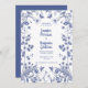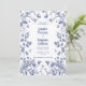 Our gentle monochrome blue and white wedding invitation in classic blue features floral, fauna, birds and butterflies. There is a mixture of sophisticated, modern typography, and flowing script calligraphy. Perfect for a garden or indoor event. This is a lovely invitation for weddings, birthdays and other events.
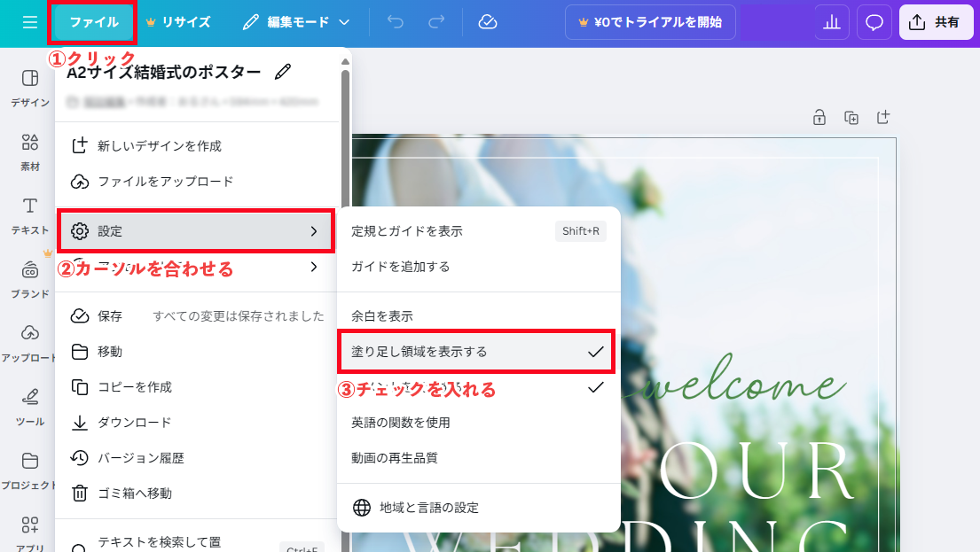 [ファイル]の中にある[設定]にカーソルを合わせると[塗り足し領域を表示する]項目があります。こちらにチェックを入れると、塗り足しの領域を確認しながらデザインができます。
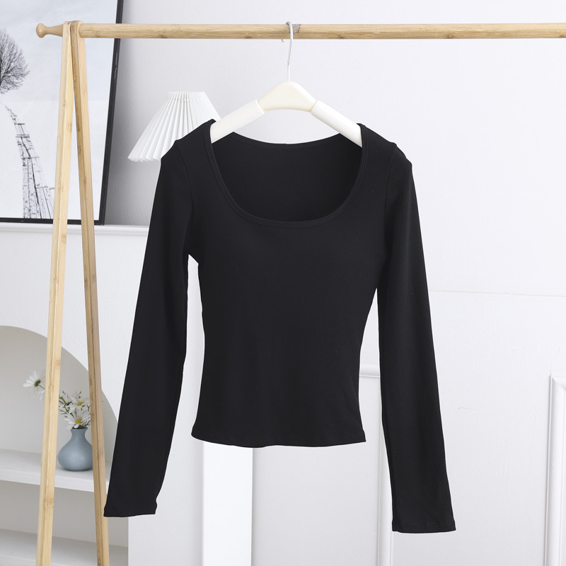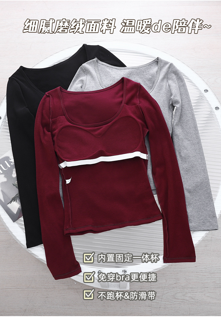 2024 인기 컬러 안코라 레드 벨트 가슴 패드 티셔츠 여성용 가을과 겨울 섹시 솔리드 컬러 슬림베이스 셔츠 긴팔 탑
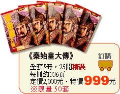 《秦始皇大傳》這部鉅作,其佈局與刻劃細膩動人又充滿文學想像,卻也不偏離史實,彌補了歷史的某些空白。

========================================================================

**Task goal**
When you reach a picture, pass over it; write out all other material exactly.

**The answer**
 Our gentle monochrome blue and white wedding invitation in classic blue features floral, fauna, birds and butterflies. There is a mixture of sophisticated, modern typography, and flowing script calligraphy. Perfect for a garden or indoor event. This is a lovely invitation for weddings, birthdays and other events.
 [ファイル]の中にある[設定]にカーソルを合わせると[塗り足し領域を表示する]項目があります。こちらにチェックを入れると、塗り足しの領域を確認しながらデザインができます。
 2024 인기 컬러 안코라 레드 벨트 가슴 패드 티셔츠 여성용 가을과 겨울 섹시 솔리드 컬러 슬림베이스 셔츠 긴팔 탑
 《秦始皇大傳》這部鉅作,其佈局與刻劃細膩動人又充滿文學想像,卻也不偏離史實,彌補了歷史的某些空白。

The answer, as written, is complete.